Possible platform interventions include: - Providing users signals of source quality - Incorporating source quality into algorithmic rankings - Minimizing personalization of political information - Excluding bot activity from trending metrics - Curbing automated spread of news by bots and cyborgs

The paper emphasizes that platform claims about their effectiveness (e.g., Facebook's claim that manipulations account for less than 0.1% of civic content) are unverifiable and self-serving. It advocates for transparent, third-party audits of how major platforms filter information.

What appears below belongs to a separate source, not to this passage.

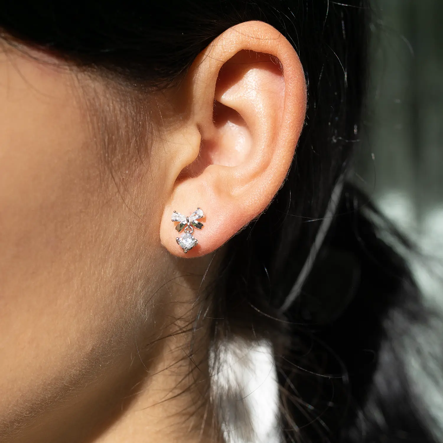 Delikatna kokardka nadaje kolczykom niepowtarzalny charakter, przywodząc na myśl momenty pełne uroku i elegancji, jak wspomnienie wczesnych lat, gdy kokardki były nieodłącznym elementem dziecięcych fryzur.

Call for Collaboration and Regulation

The paper argues for ethical responsibility of platforms to collaborate with academics on evaluating the scope of the problem and effectiveness of interventions. It discusses regulatory options—direct government regulation carries risks of impartiality, while tort liability under Section 230 of the Communications Decency Act faces legal obstacles. The fundamental question is how the vast powers of Internet oligopolies should be exercised.

Connections

Notes

This paper is foundational in establishing fake news as a legitimate scientific problem deserving multidisciplinary attention. Its definition is widely adopted in subsequent research, though some scholars debate the "fake news" terminology given its political weaponization. The paper's honest assessment of knowledge gaps—particularly on prevalence and long-term impact—sets a rigorous bar for the field and has driven subsequent empirical work. The 2018 publication date places it early in the modern fake news research era (post-2016 election), and its call for platform-academic collaboration has influenced the landscape, though with mixed results due to platform resistance to scrutiny. The technical discussion of bots and algorithmic amplification remains prescient given subsequent research on coordinated inauthentic behavior and content moderation.